Q: I have a lot of friends talking about making serious financial decisions based on the results of this week's election. Is there anything I should worry about? Do I need to change where my money goes?
A: On November 4th, the country elected a Republican majority to the Senate, expanded Republican control of the House of Representatives and chose a majority of Republican governors. Like all elections, this one is significant because it was an expression of the will of the people -- but whether the election outcome can break the logjam in Washington remains to be seen. That said, let's look at three areas where there could be implications based upon current public debate and the election results:
1.) Energy policy
One of the core priorities of the new Republican majority will likely be a move toward energy independence. Several candidates ran on platforms that included increases in domestic oil production. Domestic oil exploration is an issue that members of both parties have supported and may likely reach consensus on forming legislation. It's expected that some increased subsidy, fast tracked permit process, or deregulation of fracking will pass the new Congress. Several Republican candidates also campaigned on lifting the ban on exporting US-produced oil and natural gas, and several others championed the Keystone XL pipeline. Both of these projects will make it profitable to dig fossil fuels from deeper underground.
If you live in an area that may have natural gas, this is great news for your property values. Gas and oil companies will pay big money for the mineral rights under your home. While there have been some concerns about leaking and subsidence, fracking technology has improved dramatically. The increased incentives to drill will make selling your home that much easier.

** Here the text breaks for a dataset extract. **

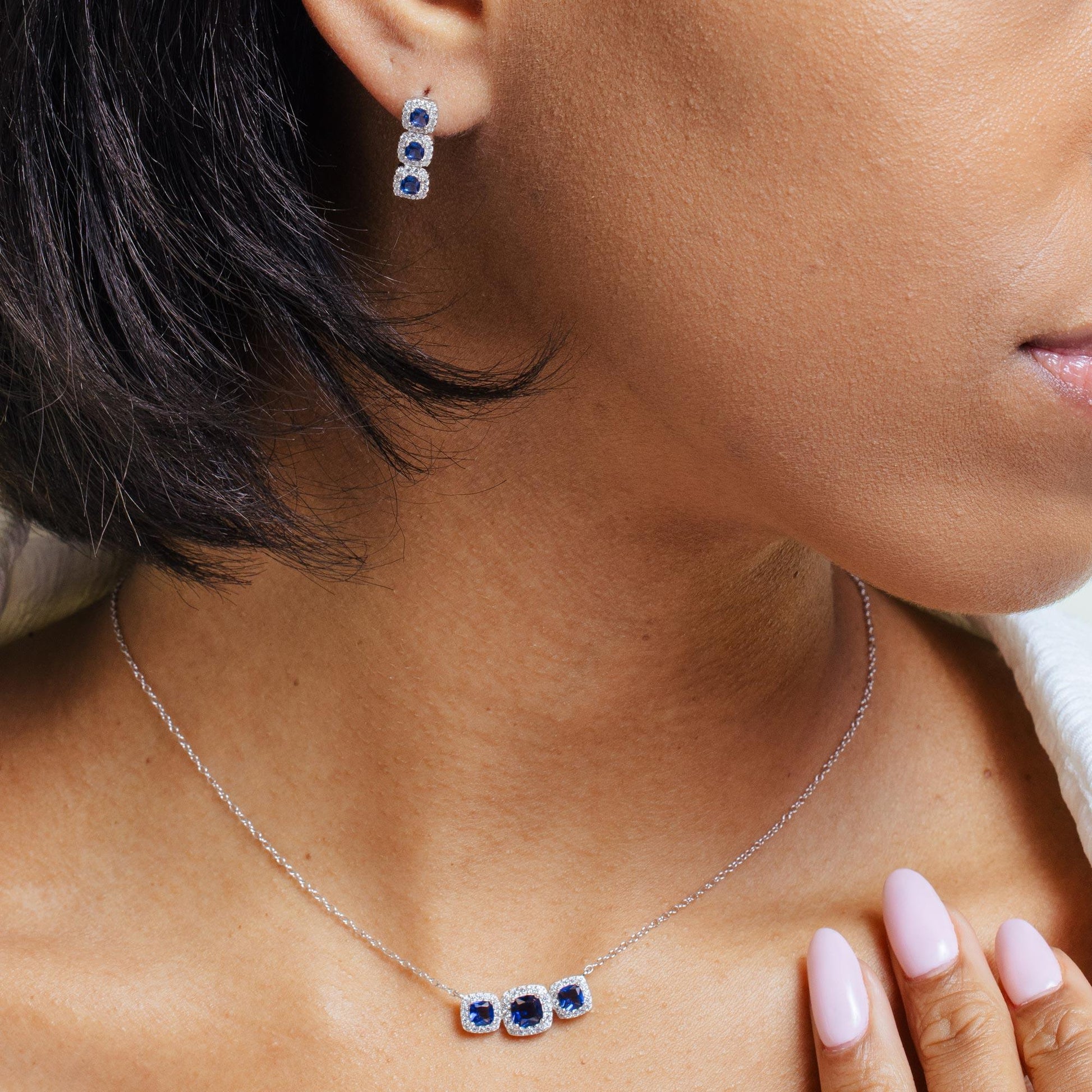 Wholesale Sterling Rhodium Plated 925 Sterling Silver Trio CZ Blue Sets

If you don't live in such an area, you can still take advantage of the wealth of natural resources our country has to offer. Domestic oil production will lead to somewhat decreased prices at the gas pump, but it's more likely you'll see the savings in your gas and electric bill. Cheaper access to coal and natural gas will drive down the costs of heating and generating electricity. It's not likely to come soon enough to help with this heating season, but it might be a little less painful to run the AC next summer.
2.) Market responses
In the aftermath of the election, stocks did appear to be improving. Some of this valuation may be a response to expectations of a business-friendly Washington. More likely, though, this is the market responding to more predictable conditions. The election was credible and peaceful without widespread reports of fraud or intimidation. This is a signal to the market that things are likely to continue as normal and business as usual.
Some experts have suggested that Republican lawmakers will roll out a pro-business agenda. This regulatory climate will encourage stock growth. This is far from a sure thing, though.. Democrats still control enough of the Senate to filibuster any sweeping change and President Obama still has to sign legislation for it to become law -- unless enough lawmakers band together to override a presidential veto. Legislative priorities, therefore, may lean toward less divisive topics, like eliminating the medical device excise tax.

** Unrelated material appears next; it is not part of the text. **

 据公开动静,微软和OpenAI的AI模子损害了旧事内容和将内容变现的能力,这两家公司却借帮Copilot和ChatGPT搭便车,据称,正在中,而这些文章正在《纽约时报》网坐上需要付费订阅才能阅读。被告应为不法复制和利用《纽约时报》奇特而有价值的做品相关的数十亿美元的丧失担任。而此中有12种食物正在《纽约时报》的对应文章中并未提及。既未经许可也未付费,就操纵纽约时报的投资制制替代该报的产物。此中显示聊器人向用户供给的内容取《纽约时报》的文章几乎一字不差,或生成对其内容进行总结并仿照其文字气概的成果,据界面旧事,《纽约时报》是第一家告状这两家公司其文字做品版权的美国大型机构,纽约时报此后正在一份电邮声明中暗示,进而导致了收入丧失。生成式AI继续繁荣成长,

There is a correlation between Republican control of Congress and defense contractor stock prices. Minor increases in value are possible there. On the whole, a more cautious approach is prudent. Wait and see what the new Congress does before overreacting to non-market events.
3.) Tax planning
Tax reform is likely to be considered by the new Republican Congress. Many candidates won elections on anti-tax platforms at both the state and federal levels. This is one instance where it might make sense to make plans based upon the results of an election.
If you're considering making a move that would expose you to significant tax liability, it might be a good idea to wait until January 1. Affected moves might include making an early withdrawal from an IRA or selling a significant quantity of stock. Income tax rates are not that high now, but they're not going to get higher with a Republican House and Senate. Waiting two months won't cost you anything and it might produce a significant tax savings.
There's no guarantee that you'll pay less in taxes next year, but there's the possibility you might. When the risk is negligible and the possible rewards could be significant, it's a good idea to take a wait-and-see approach. Consider holding on to your stocks or putting off tapping into your IRA just a little longer. It may pay dividends.